The prevalence of
metal allergy is high in the general population, and it is estimated that up to 17% of women and 3% of men are allergic to
nickel and that 1-3% are allergic to
cobalt and
chromium. Among
dermatitis patients, the prevalence of
metal allergy is even higher.
Metal allergy is mainly an environmental disorder although null mutations in the
filaggrin gene complex were recently found to be associated with
nickel allergy and
dermatitis. Environmental
metal exposures include jewelry, buttons, clothing fasteners, dental restorations, mobile phones, and leather. Although consumer exposure is responsible for most cases of
metal allergy, the importance of occupational
metal exposure remains present and should always be taken into consideration when one interprets allergic patch test reactions to metals. Traditionally,
nickel,
cobalt, and
chromium have been the most important contact
allergens.
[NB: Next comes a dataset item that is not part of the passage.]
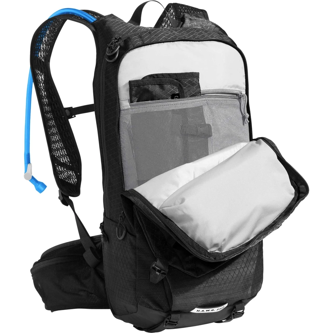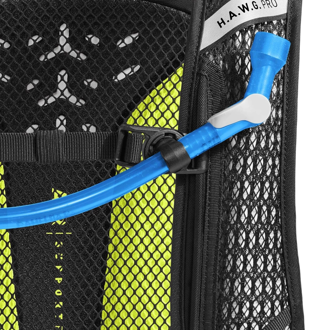Maximum storage, hydration, and comfort make the H.A.W.G. Pro a triple threat on the trail. Equipped with a large 3-liter Crux Reservoir and the cargo capacity to hold another – for a full 6-liters – our largest bike pack was built for long days and epic rides. The all new Air Support Pro Back Panel is comfortable and efficient. Designed with body-mapping technology, air flow is channeled to cool areas that generate the most heat. The 3D vent mesh harness is light and durable and a magnetic tube trap allows for quick sips without taking your eyes off the trail. Hip belt cargo pockets keep essentials close at hand and the universal helmet hook makes it easy to carry when not riding. Unpredictable weather? The built-in rain cover quickly deploys to shield your gear. Always adventure ready, this next generation H.A.W.G. is also Impact Protector and e-bike battery compatible.

However, recently,
gold and
palladium have drawn much attention as the prevalence of contact
allergy to these metals is high.
Palladium allergy is mainly a result of cross-sensitization to
nickel, whereas
gold allergy is rarely clinically relevant when one takes its high prevalence into account. The epidemiology of
metal allergy has recently changed in Europe as
nickel allergy among ear-pierced Danish women has decreased following regulatory intervention on
nickel release from consumer products. In the United States, the prevalence of
nickel allergy is still increasing, which may be explained by the absence of regulation. The prevalence of
chromium allergy is increasing in the United States, Singapore, and Denmark among
dermatitis patients. This increase is significantly associated with leather exposure in Denmark.
Metal allergy may result in
allergic contact dermatitis and systemic
allergic (contact) dermatitis. Furthermore,
metal allergy has been associated with device failure following insertion of intracoronary
stents, hip and
knee prostheses, as well as other implants. This area is in need of more research.